# ePub Devices



## Vicki G.

As I start reading more library books, I find my library being slower to have Kindle format ebooks so I've been thinking about getting another device.  I'm thinking probably Kobo as Nook seems to be falling way behind.  Anybody have an opinion?  Thanks.


----------



## booklover888

I would go with Kobo. They make a great epub reader. You can authorize them with Overdrive ADE, and also use them with the 3M Cloud Library. Super easy! I transfer them via my PC and a USB cord.


----------



## Vicki G.

I have Overdrive for iPad but don't use it much so I'm not real knowledgeable about this stuff.  Does going through Overdrive mean you can borrow books directly from the Kobo?  I have no problem using PC and USB, just wondering.  Thanks again.


----------



## Saul Tanpepper

Consider spending a little more and getting a tablet. You can do so much more. If you've got sufficient data with your mobile carrier, I find it's a life saver. Otherwise, I'd go with a Kobo, if you just want a dedicated ereader.


----------



## TheGapBetweenMerlons

My sons have NOOK tablets (Samsung Galaxy Tab 4, currently with a $50 rebate) and they love 'em. They _{ahem}_ don't use them for reading books much, but the tablets work fine for reading an ePUB, and not just books bought through B&N. I can email them a draft I'm working on and it's apparently smoothly added to their library when they open the attachment.

And Snapchat works...


----------



## WDR

Go with the Kobo for a dedicated ePub-file reader.

It uses the same eInk screen as the Amazon Kindle Page White, so the quality of the text is excellent. You can turn off the backlight completely when not needed. Also, I find the library interface on the Kobo to be better than the Amazon or Nook.

When I go camping or day riding, it is the Kobo I take with me for reading when I'm relaxing.


----------



## booklover888

Vicki G. said:


> Does going through Overdrive mean you can borrow books directly from the Kobo? I have no problem using PC and USB, just wondering. Thanks again.


I am not sure, as I don't like turning on wifi on my Kobo. If I recall, only the Sony T series could borrow directly from the device. That may have changed.

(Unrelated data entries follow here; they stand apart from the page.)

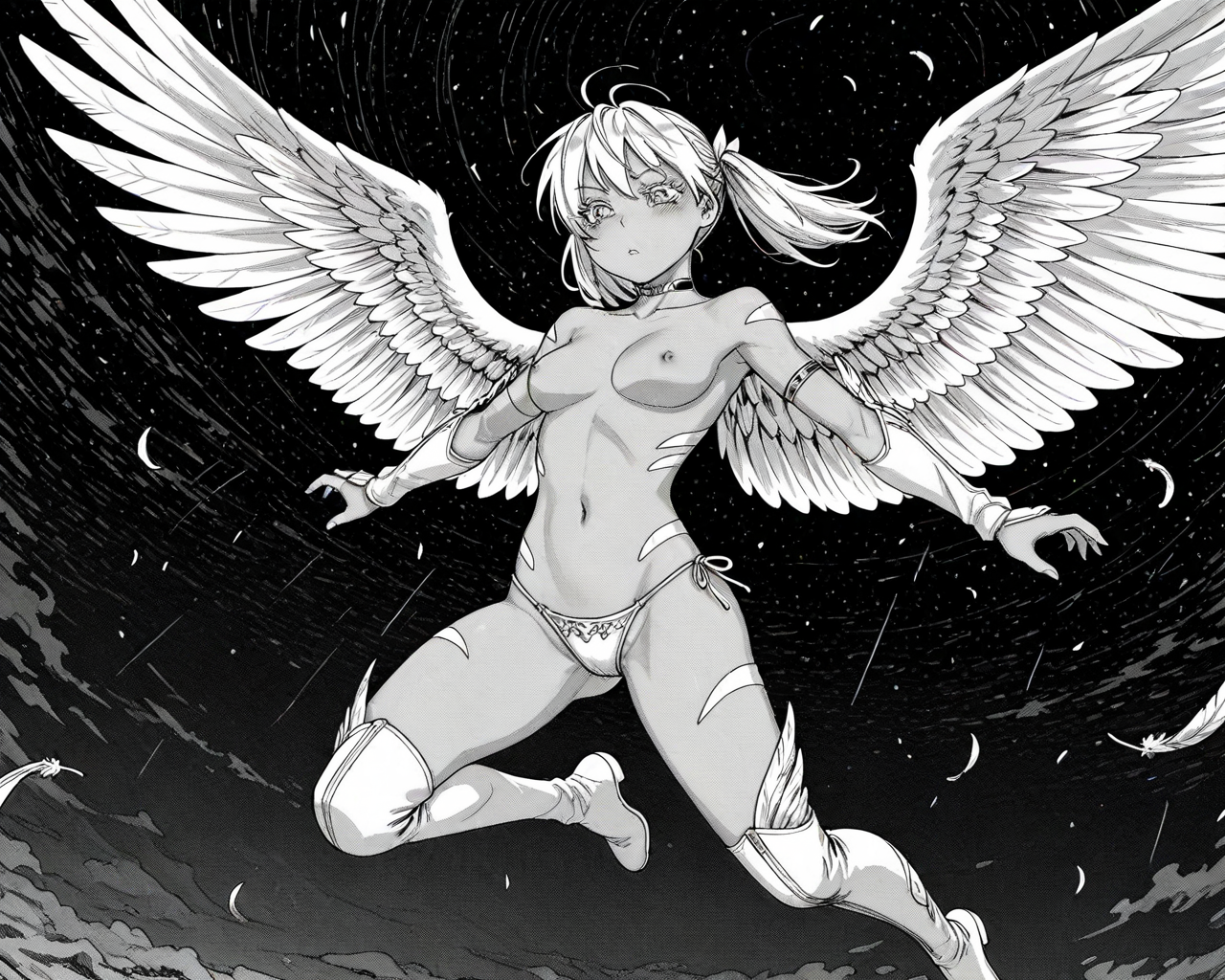 그녀의 복장: 몸 장식, 상의 없음, 티롱, 흰 날개, 흰 깃털 허벅지 부츠, 흰 깃털 팔찌,
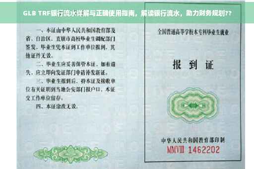 随着金融行业的快速发展,越来越多的人开始关注个人财务管理的重要性,银行流水作为个人财务记录的重要组成部分,对于申请贷款、信用卡等金融产品具有关键作用,GLB TRF银行作为一家知名的金融机构,其提供的银行流水服务备受关注,本文将详细介绍GLB TRF银行流水的相关内容,帮助大家正确解读和使用银行流水。
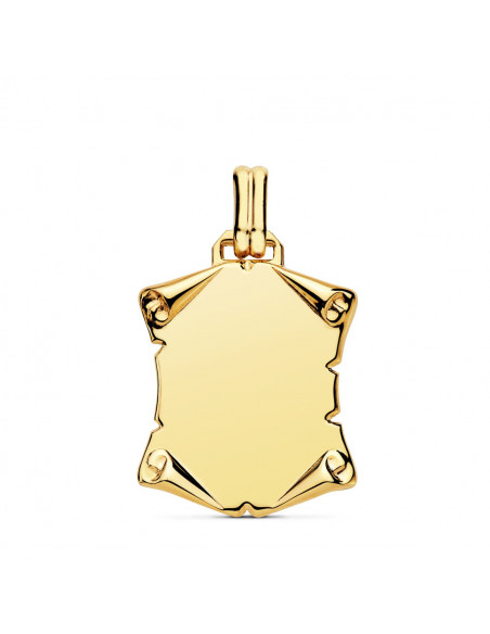 18K CHAPA PERGAMINO LISO BRILLO PAPIRO. 22X20 MM
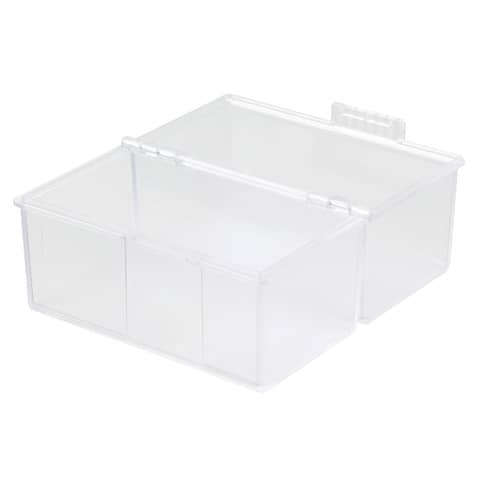 Karteibox DIN A7 quer, für max. 300 Karten. Der ideale Ordnungshelfer für Büro und unterwegs. Qualitativ hochwertige Ausführung mit Stahlscharnier sowie Schnappverschluss. Der Deckel lässt sich komplett umklappen und fungiert auch als zusätzlicher Karteitrog. Fassungsvermögen: von 220 Karten (190g/m²) bis max. 300 Karten (100g/m²). Lieferung ohne Inhalt. Verwendung für Kartenformat: DIN A7 quer. Zubehör optional: Register A-Z DIN A7, quer (Art.-Nr. 987). Außenmaße (B x T x H): 121 x 74 x 101 mm. Material: hochwertiger Kunststoff, Polystyrol (PS). Farbe: transluzent-klar.
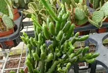 筒叶花月,是景天科青锁龙属的多年生草本植物。植株多分株,灌木状,茎较粗壮,圆柱形,表皮灰褐色;叶片肉质,互生,呈圆筒状,簇生于茎或分枝顶端,叶端呈斜截形,截面为椭圆形;花呈星状,淡白色;花期秋季。…全部>>
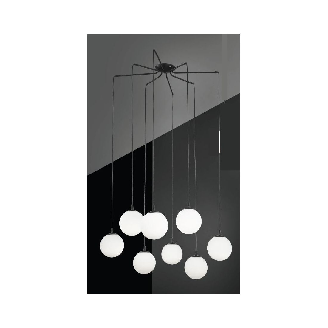 NIAGARA LAMPADARIO 12 LUCI IN METALLO NERO CON SFERE IN VETRO BIANCO OPALE MODERNO...
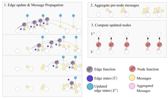 - Gilmer, J.; Schoenholz, S.S.; Riley, P.F.; Vinyals, O.; Dahl, G.E. Neural message passing for quantum chemistry. arXiv 2017, arXiv:1704.01212. [Google Scholar]
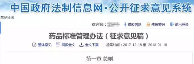 昨日(12月18日),国家食药监总局发布了《药品标准管理办法》(征求意见稿),公开征求意见。在2018年1月18日前,社会各界可提出意见。

Yes tablets can do it and are multi purpose devices....I really prefer my single purpose e-ink devices. I love the size of my Kobo Aura. If the Kobo Mini was lighted, it would be even better. If Amazon would make a Aura or Mini sized eink reader, I would have one. Even the Voyage is too large, compared to them.


----------



## Vicki G.

WDR said:


> Also, I find the library interface on the Kobo to be better than the Amazon or Nook.


How so, WDR? Sorry, I'm being really dense but my brain is of the hands-on variety and I can't hands on. lol



booklover888 said:


> Yes tablets can do it and are multi purpose devices....I really prefer my single purpose e-ink devices. I love the size of my Kobo Aura. If the Kobo Mini was lighted, it would be even better. If Amazon would make a Aura or Mini sized eink reader, I would have one. Even the Voyage is too large, compared to them.


It's really smaller than the Voyage? I've been researching on the Kobo website and saw the mini but I see it is no longer available. Plus my old eyes are becoming very dependent on the light.

For those who suggested a tablet, I have an iPad Mini. I love it, don't get me wrong. But I don't love it to read on. It's too heavy. And then there's the glare. This is all so subjective to the way we hold our device. If sitting up reading then of course, it's fine... great! If laying down in bed, it gets a bit more complicated, for me anyway with the glasses and getting the angle right. If you've been there, you understand... if not, I don't think it's possible.

Thanks to everyone for your help.


----------



## WDR

Vicki G. said:


> How so, WDR? Sorry, I'm being really dense but my brain is of the hands-on variety and I can't hands on. lol


First, I really like the home screen on the Kobo. It shows what I am currently reading in the largest box. Next to it, it shows the last four books I have recently perused or are unfinished. A quick show of how many books have been added recently to my library, and then a small summary of how much reading I've done recently. (That reading summary is a actually a marketing tool to _gamify_ reading. The idea to get readers to see their reading as a score and compete, thereby needing to buy more books.)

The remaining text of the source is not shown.